Les violences en Afrique du Sud, nourries par un ras-le-bol général sur fond de crise économique, se sont intensifiées avec un dernier bilan faisant état de 72 morts, après avoir sporadiquement commencé dans la foulée de l’incarcération de l’ex-président Jacob Zuma.
En pays zoulou (Est), fief de l’ancien chef d’Etat où il est
emprisonné depuis jeudi, des premiers incidents limités avaient éclaté le
lendemain avec des routes bloquées et plusieurs camions incendiés.
Mais en quelques jours, 27 personnes ont trouvé la mort dans
la région, selon la police mardi soir. A plus de 500 km de là, les violences et
les pillages frénétiques se sont répandus dans la plus grande ville du pays,
Johannesburg : 45 personnes sont mortes dans la province du Gauteng.
La plupart des décès sont survenus lors de bousculades
pendant des pillages de magasins et de centres commerciaux, a affirmé la
police. D’autre morts et blessures sont aussi liées à des explosions de
distributeurs automatiques de billets et à des tirs, a-t-elle précisé.
« Je ne me sens pas vraiment concerné par Zuma, c’est
un vieil homme corrompu qui mérite d’être en prison. Je prenais des choses dans
le magasin pour ma mère », a déclaré à l’AFP Tibello, 30 ans, au chômage,
les bras chargés de chips et de bonbons près d’un centre commercial de Soweto,
dévasté un peu plus tôt par les pillards.
Durement touchée par une troisième vague de Covid-19,
l’Afrique du Sud, qui a atteint un chômage record à 32,6% avec la pandémie, a
imposé de nouvelles restrictions sanitaires fin juin.
Dans ce contexte, des milliers de Sud-Africains ont fait la
sourde oreille aux appels au calme des autorités et continué à affluer mardi
vers les entrepôts et les magasins, remplissant charriots et coffres de
voitures.
« Police
dépassée »
Les images des pillages ont montré des foules compactes et
avides se précipitant pour récupérer un téléviseur géant, une table, des
couches ou encore des conserves…
La police, en sous-nombre, a rapidement été dépassée.

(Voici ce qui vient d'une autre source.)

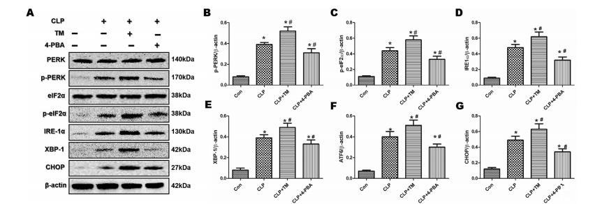 圖3:4-苯基丁酸(PBA)和TM對敗血癥小鼠肺內質網應激途徑的影響。在CLP前給小鼠腹腔注射4-苯基丁酸(40毫克/千克),CLP12小時后收集肺部樣本。通過Western印跡檢測總PERK(A)和eIF2α(A)、p-PERK(A和B)和peIF2α(A和C)、CHOP(A和G)、ATF(A和F)、IRE1α(A和D)和XBP1(A和E)蛋白的表達。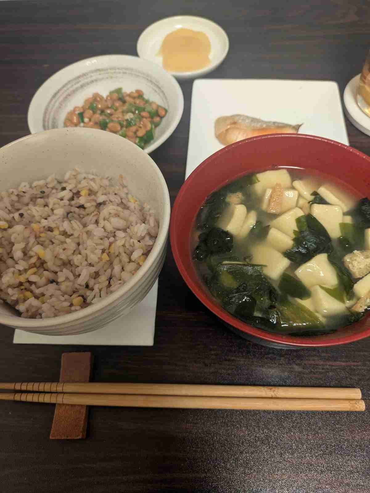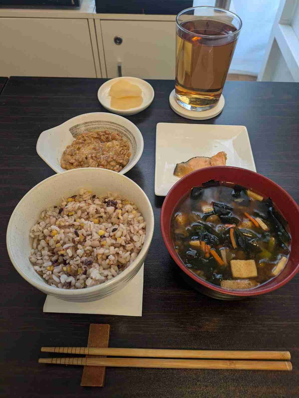 • 栄養バランスが完璧:ご飯(雑穀米でしょうか?)、お魚、納豆、お味噌汁と、一汁三菜の理想的な献立です。たんぱく質、食物繊維、ミネラルがしっかり摂れて、一日を元気にスタートできる最高の組み合わせですね!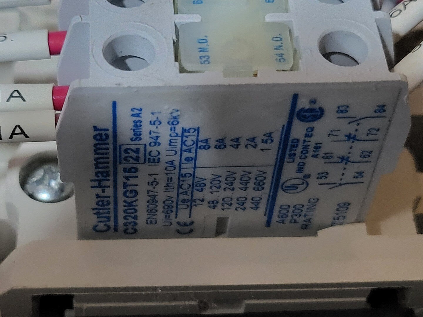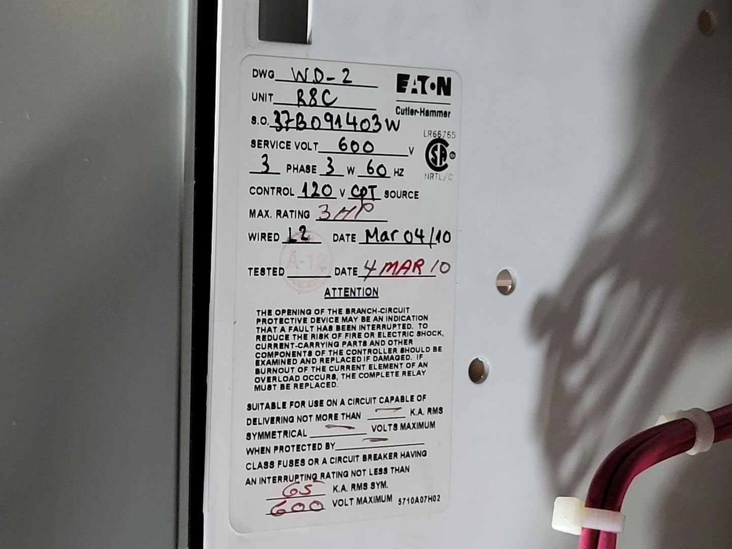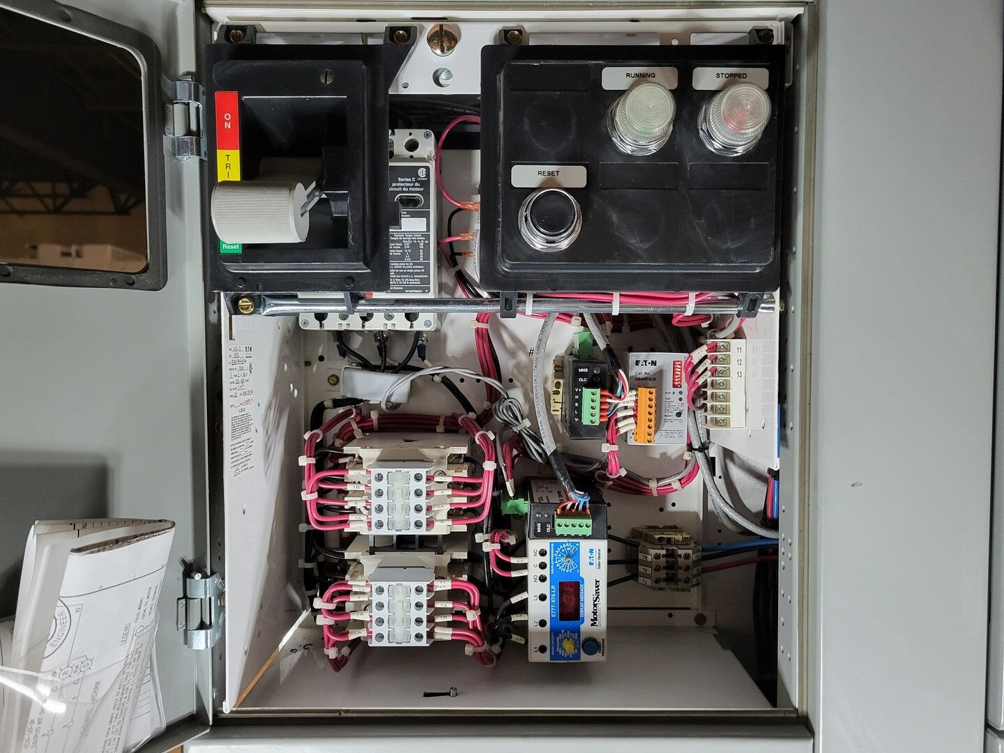 **Fits 2100 MCC Frame Circuit Breaker Maker: Eaton Model: HMCP Voltage: 600V Amps: 7 amps Poles: 3 Ground Fault Relay Maker: Eaton Model: D64RPB30 Overload relay: 24-240 Vac/dc Motor Saver Electronic Overload Relay Maker: Eaton Model: E777-575-LR Voltage: 450-600VAC Phase: 3 Transformer Maker: MCi Model: 5576-14-120-00 VA: 150VA Primary: 600V Secondary: 120V Devicenet Module Maker: Eaton Model: ECIO-120-DN Inputs: 115VAC Contactor Maker: Eaton Model: CN15DN3 Amp: 27 Size: NEMA 1 |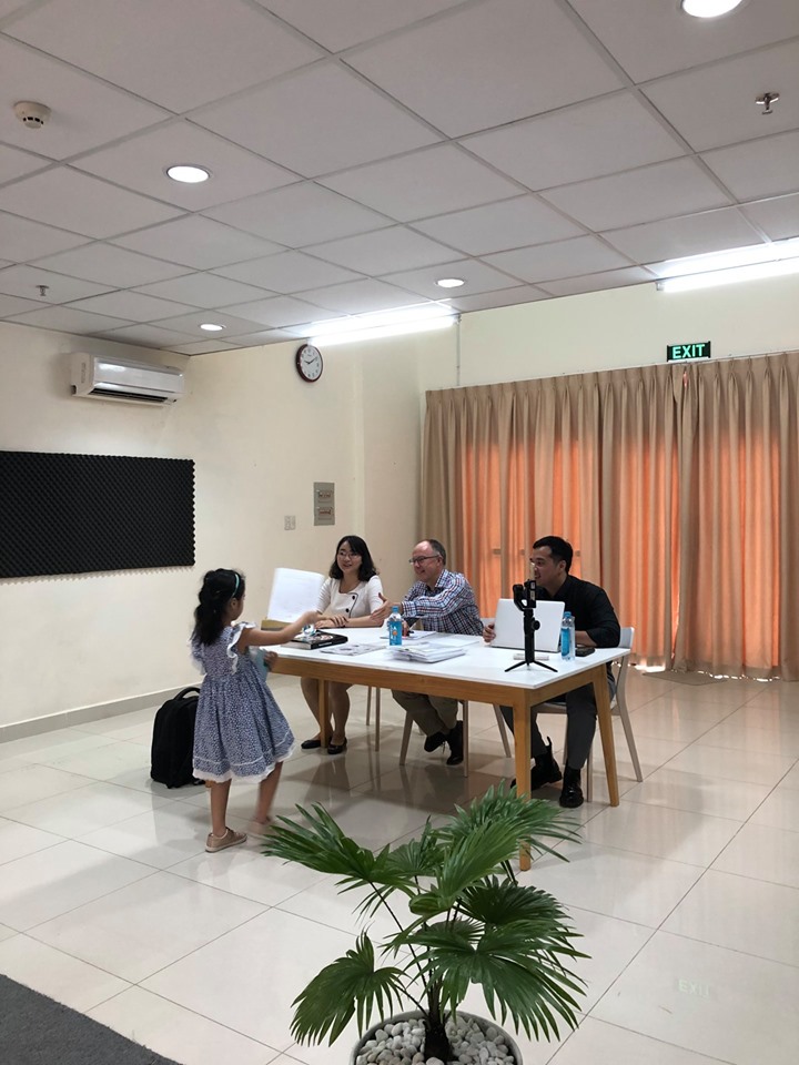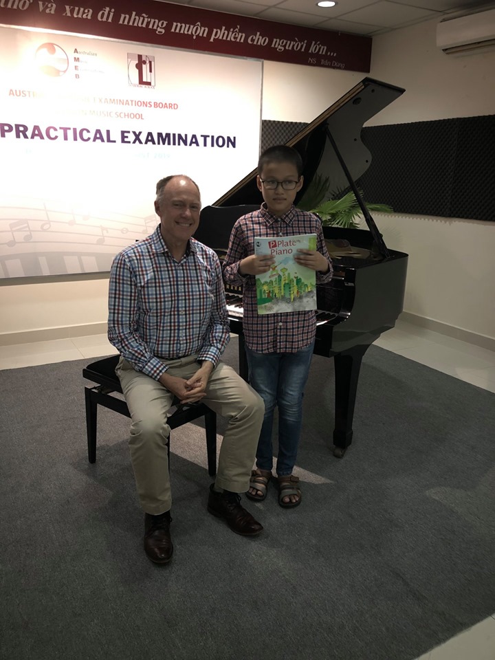 Cô ThS Thùy Thương hiệu trưởng Dolin Music School cùng giám khảo giám khảo Glenn Riddle từ hội đồng chấm thi tại Úc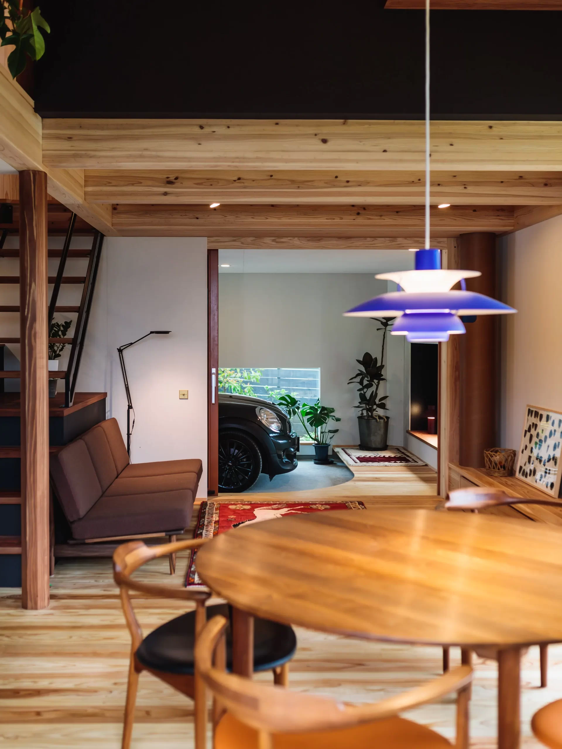 リビングから大きな窓で庭や空、ガレージへ空間が繋がる

L’armée a été déployée, 2.500 soldat venant épauler les policiers dans les
points chauds, notamment dans les townships autour de Johannesburg.
Au total, 1.234 personnes ont été arrêtées. Mais dans la
soirée, des messages donnant peu à peu une idée de l’étendue des destructions continuait
à affluer.
« Cet après-midi, un de nos dépôts a été pillé et brûlé »,
a posté sur Facebook une des plus grandes brasseries du pays, South African
Breweries, ajoutant redouter une autre “attaque” dans la nuit.
La raffinerie South African Petroleum (Sapref) a déclaré
fermer temporairement son usine, qui fournit 35% du carburant consommé dans le
pays, pour cause de « force majeure ».
A Durban, ville côtière du Kwazulu-Natal sur l’Océan Indien,
une femme prise au piège dans un bâtiment en feu, a été vue jetant son bébé par
une fenêtre pour le sauver. Un groupe de personnes au pied de l’immeuble avec
des commerces au rez-de chaussée, ont réussi à le rattraper, sain et sauf.
Si les « frustrations et la colère » ont « des
racines politiques », « aucune cause ne peut justifier » ces
violences, a fustigé le président Cyril Ramaphosa.
Le ministre de la Police, Bheki Cele, s’est engagé à ce que
la situation “ne se détériore pas davantage”. Mais dans la journée, des images
ont montré des pillards faisant tranquillement des allers et venus dans un
centre commercial du township miséreux d’Alexandra.
Dans une boucherie de Soweto, des pillards ont vidé les
chambres froides à la barbe d’un agent de sécurité privé impuissant. La police
ne s’est présentée que trois heures plus tard.
Le parti d’opposition Democratic Alliance a annoncé qu’il
porterait plainte contre plusieurs enfants de M. Zuma qui ont multiplié ces
derniers jours les appels à la violence.
Jacob Zuma a été condamné à 15 mois de prison ferme après
avoir, à plusieurs reprises, refusé de témoigner dans le cadre d’enquêtes sur
la corruption d’Etat pendant sa présidence (2009-2018).